Короче говоря, не находя настоящей радости среди благ, которых я больше всего желал, я возвращался мыслью к ясным дням своей юности и порой восклицал со вздохом: «Ах, это совсем не то, что было в Шарметтах!»
Воспоминания о разных периодах моей жизни привели меня к размышлениям о том пределе, которого я достиг, и я увидел себя уже на склоне лет жертвой мучительных недугов; может быть, недалек конец моего пути, а между тем я еще не вкусил полностью почти ни одного из тех наслаждений, которых жаждало мое сердце, не дал выхода сильным чувствам, которые – я это знал – сохранились в нем, не изведал, даже не коснулся того опьяняющего сладострастия, властное присутствие которого чувствовал в своей душе и которое, за отсутствием предмета, оставалось подавленным и могло найти себе выход только во вздохах.
Как могло случиться, что, имея душу от природы чувствительную, для которой жить – значило любить, я не мог до тех пор найти себе друга, всецело мне преданного, настоящего друга, – я, который чувствовал себя до такой степени созданным для дружбы? Как могло случиться, что, обладая столь пылкими чувствами и сердцем, исполненным любви, я хоть раз в жизни не зажегся ее пламенем к определенному предмету? Пожираемый потребностью любить и не получив ни разу возможности удовлетворить ее в полной мере, я видел себя в преддверии старости и смерти, хотя еще не жил.
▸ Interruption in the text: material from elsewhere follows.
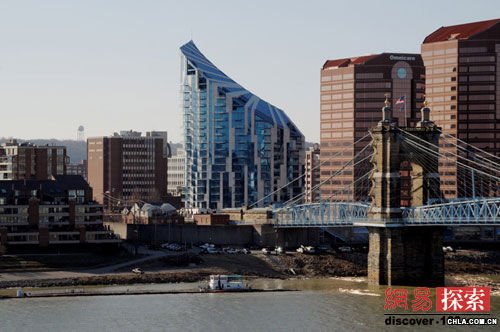 這座大廈位于辛辛那提市最著名的羅布林大橋(RoeblingBridge)旁,被稱為羅布林大橋坡度”的大廈是由紐約世界貿(mào)易中心重建總體規(guī)劃建筑師丹尼爾·李博斯金設(shè)計(jì)的。這座大樓最具特色的就是它頂層的傾斜坡度使用了仿生技術(shù)與周邊的自然環(huán)境相適應(yīng),與著名的城市標(biāo)志羅布林大橋相配合。大廈的建筑色調(diào)充分反映出了城市和天空的搭配,同時(shí),這所大廈還具有緩解交通壓力的功能。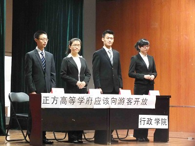 代表队由一辩李沁妤、二辩高晗、三辩王小勃、四辩段志远组成,秉持“高等学府应该向游客开放”的观点,反方金融学院代表队的观点为“高等学府不应该向游客开放”。

Эти печальные, но трогательные размышления заставляли меня замыкаться в самом себе с сожалением, не лишенным приятности. Мне казалось, что судьба в долгу передо мной в чем-то таком, чего она мне не дала. Зачем одарила она меня от рождения исключительными способностями, если они останутся до конца моей жизни без применения? Чувство своей внутренней ценности, порождая сознание этой несправедливости, до некоторой степени вознаграждало меня за нее; я плакал, и мне было отрадно давать волю слезам.
Я предавался этим размышлениям в самое лучшее время года, в июне месяце, в тени зеленых рощ, под пенье соловья и журчанье ручьев. Все наперерыв старалось снова погрузить меня в ту соблазнительную негу, для которой я был рожден, но от которой строгий и суровый образ жизни, вызванный долгим кипением чувств, должен был бы навсегда освободить меня. К несчастью, я вспомнил обед в Тунском замке и свою встречу с двумя очаровательными девушками – в то же время года и почти в такой же местности, в какой я был теперь. Это воспоминание, которому невинность придавала особую прелесть, вызвало другие, подобные ему. Вскоре я увидел в сборе вокруг себя всех, кто волновал меня в моей юности: мадемуазель Галлей, мадемуазель де Графенрид, мадемуазель де Брейль, г-жу Базиль, г-жу де Ларнаж, своих хорошеньких учениц, – кончая обольстительной Джульеттой, которую сердце мое не может забыть. Я увидел себя, окруженного целым сералем гурий – моими старинными знакомками; горячее влеченье к ним не было для меня новым чувством. И вот кровь моя бурлит, голова моя кружится, несмотря на уже седеющие волосы, – и степенный гражданин Женевы, суровый Жан-Жак, приближаясь к сорока пяти годам, вдруг опять превращается в сумасбродного пастушка. Охватившее меня опьянение, внезапное и безумное, было, однако, столь длительным и столь сильным, что для того, чтобы мне излечиться от него, понадобился целый переворот – неожиданный и ужасный по тем бедствиям, в которые он меня вверг.